Note each line in the data below that holds "This", and copy it.

_SUPPLIED DATA_:
• • •

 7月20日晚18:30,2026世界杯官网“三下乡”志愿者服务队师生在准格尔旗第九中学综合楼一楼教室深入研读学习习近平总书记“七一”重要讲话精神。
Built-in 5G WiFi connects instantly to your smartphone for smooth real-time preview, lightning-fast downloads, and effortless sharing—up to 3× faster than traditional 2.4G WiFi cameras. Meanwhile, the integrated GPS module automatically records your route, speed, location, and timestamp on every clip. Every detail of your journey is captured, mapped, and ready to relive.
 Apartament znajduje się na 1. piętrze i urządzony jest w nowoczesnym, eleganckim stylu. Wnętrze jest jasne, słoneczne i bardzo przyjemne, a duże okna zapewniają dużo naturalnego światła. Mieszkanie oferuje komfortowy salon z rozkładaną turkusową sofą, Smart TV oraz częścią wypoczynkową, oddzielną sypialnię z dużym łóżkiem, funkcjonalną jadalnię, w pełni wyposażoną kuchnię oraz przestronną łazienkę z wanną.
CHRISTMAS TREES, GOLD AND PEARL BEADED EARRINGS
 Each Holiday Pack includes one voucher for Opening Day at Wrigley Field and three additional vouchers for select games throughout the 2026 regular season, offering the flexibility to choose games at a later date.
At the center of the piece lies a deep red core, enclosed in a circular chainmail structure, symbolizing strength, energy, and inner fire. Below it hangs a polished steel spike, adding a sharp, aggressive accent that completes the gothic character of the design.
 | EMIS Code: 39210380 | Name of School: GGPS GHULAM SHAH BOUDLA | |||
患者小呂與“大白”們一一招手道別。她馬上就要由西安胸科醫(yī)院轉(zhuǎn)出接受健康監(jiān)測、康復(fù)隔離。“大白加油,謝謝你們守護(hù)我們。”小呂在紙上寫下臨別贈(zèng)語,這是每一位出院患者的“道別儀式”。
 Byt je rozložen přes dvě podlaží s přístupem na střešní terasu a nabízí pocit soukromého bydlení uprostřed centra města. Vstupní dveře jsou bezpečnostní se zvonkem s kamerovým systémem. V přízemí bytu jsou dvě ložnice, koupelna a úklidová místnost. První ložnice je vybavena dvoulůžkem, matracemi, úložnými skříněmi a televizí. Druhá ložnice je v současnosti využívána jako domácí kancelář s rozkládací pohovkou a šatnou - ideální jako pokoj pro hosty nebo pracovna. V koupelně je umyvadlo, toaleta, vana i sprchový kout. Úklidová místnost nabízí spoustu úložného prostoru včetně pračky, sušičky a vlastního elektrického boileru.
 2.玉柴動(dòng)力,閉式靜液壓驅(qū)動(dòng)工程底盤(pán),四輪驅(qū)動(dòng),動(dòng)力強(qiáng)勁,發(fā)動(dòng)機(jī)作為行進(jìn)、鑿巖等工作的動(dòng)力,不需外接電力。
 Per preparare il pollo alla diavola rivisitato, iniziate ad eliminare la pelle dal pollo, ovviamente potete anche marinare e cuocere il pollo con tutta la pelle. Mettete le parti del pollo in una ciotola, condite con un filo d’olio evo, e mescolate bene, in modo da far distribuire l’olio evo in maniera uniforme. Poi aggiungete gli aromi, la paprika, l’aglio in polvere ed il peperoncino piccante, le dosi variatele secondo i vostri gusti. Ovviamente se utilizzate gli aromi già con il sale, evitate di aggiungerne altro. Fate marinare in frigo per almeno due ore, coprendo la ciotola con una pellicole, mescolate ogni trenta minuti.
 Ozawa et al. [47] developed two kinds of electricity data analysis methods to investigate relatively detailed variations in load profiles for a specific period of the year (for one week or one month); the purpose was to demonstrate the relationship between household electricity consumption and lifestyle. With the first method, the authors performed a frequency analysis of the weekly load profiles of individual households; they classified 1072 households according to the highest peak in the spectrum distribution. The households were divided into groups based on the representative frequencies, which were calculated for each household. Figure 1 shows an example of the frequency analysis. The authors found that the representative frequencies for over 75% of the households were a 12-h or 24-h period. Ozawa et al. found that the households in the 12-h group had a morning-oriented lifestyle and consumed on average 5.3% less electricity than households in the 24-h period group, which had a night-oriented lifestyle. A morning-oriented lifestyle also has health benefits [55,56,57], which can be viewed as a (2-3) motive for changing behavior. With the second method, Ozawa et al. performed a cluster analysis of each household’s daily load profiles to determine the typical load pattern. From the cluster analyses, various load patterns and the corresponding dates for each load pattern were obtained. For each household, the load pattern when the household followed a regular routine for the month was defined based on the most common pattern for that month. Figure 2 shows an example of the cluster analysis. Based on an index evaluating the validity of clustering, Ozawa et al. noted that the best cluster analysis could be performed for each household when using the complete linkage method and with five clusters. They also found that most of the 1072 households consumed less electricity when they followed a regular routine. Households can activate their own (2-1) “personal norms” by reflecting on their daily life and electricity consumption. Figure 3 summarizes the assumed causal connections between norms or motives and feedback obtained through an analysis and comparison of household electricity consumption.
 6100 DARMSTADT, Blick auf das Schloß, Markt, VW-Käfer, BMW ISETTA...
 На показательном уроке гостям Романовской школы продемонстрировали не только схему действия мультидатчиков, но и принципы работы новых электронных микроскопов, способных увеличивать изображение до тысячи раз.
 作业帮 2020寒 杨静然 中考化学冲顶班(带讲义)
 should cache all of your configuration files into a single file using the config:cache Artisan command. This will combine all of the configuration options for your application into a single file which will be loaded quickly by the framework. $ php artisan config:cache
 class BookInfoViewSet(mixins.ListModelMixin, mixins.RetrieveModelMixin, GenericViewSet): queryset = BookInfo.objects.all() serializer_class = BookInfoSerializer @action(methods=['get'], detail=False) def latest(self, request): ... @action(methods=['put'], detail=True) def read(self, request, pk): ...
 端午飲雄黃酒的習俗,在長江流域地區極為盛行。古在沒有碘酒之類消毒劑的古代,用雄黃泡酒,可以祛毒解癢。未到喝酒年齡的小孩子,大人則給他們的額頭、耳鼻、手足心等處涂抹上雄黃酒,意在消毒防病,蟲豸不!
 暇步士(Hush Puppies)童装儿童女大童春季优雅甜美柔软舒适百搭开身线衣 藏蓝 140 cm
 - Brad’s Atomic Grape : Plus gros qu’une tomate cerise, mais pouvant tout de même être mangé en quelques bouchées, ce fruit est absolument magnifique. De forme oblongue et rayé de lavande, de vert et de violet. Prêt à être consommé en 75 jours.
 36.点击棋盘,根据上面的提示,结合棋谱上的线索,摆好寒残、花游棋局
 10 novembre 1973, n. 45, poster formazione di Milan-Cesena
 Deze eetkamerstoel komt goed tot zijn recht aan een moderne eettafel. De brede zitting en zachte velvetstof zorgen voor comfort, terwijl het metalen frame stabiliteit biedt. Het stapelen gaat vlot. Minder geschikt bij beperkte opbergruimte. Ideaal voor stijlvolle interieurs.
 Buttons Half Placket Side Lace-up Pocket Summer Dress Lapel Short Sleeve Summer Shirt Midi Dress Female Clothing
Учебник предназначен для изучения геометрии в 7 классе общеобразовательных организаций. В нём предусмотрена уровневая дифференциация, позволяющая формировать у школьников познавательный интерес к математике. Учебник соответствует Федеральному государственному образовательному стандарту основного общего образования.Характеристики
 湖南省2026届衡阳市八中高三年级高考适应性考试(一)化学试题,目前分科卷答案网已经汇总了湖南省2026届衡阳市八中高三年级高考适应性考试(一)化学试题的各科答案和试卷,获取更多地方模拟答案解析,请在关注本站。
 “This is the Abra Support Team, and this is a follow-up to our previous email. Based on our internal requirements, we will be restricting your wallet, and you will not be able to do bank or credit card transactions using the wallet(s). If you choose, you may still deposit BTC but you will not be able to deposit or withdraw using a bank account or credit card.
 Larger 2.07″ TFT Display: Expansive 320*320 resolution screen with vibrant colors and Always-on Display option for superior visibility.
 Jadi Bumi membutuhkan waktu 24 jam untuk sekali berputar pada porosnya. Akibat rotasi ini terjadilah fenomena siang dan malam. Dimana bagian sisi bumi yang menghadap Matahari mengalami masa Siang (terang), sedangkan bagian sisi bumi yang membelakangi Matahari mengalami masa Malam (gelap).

• • •

_EXERCISE ANSWER_:
 should cache all of your configuration files into a single file using the config:cache Artisan command. This will combine all of the configuration options for your application into a single file which will be loaded quickly by the framework. $ php artisan config:cache
 “This is the Abra Support Team, and this is a follow-up to our previous email. Based on our internal requirements, we will be restricting your wallet, and you will not be able to do bank or credit card transactions using the wallet(s). If you choose, you may still deposit BTC but you will not be able to deposit or withdraw using a bank account or credit card.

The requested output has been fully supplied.